___ Data for review

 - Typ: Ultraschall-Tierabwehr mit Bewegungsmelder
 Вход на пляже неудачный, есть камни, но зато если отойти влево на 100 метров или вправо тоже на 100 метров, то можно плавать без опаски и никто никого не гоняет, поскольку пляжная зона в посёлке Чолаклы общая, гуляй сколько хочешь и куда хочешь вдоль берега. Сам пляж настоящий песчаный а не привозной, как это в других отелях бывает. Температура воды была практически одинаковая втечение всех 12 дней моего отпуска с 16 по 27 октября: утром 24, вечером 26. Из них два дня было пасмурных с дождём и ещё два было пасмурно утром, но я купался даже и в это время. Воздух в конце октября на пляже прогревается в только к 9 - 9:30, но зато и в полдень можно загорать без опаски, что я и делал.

______
___ Data for review

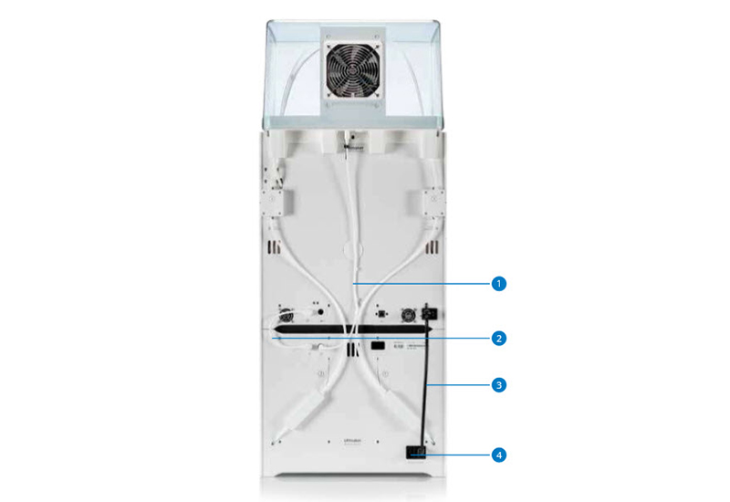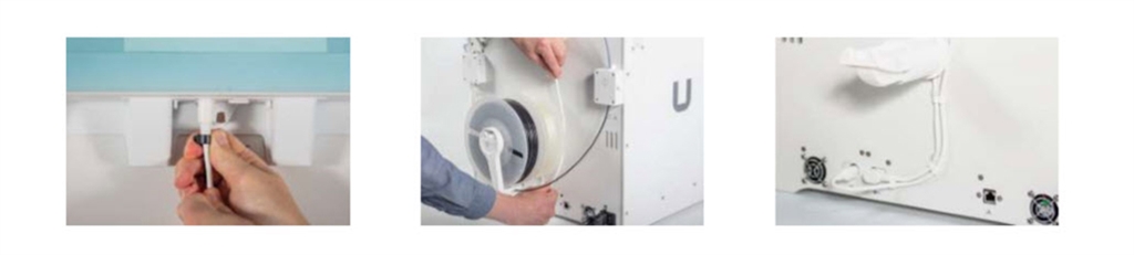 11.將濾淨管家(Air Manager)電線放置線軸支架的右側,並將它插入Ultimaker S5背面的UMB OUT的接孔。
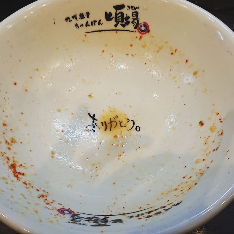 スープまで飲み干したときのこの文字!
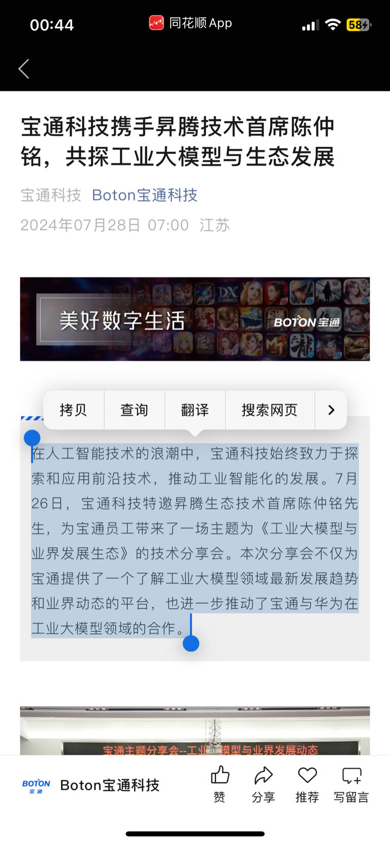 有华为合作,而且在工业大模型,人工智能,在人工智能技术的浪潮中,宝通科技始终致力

______

In the entries above, which lines run from the one with "スープまで飲み干したときのこの文字!" up to and including the one with "有华为合作,而且在工业大模型"? Write them out exactly, without the pictures.

**Solution for this exercise**
 スープまで飲み干したときのこの文字!
 有华为合作,而且在工业大模型,人工智能,在人工智能技术的浪潮中,宝通科技始终致力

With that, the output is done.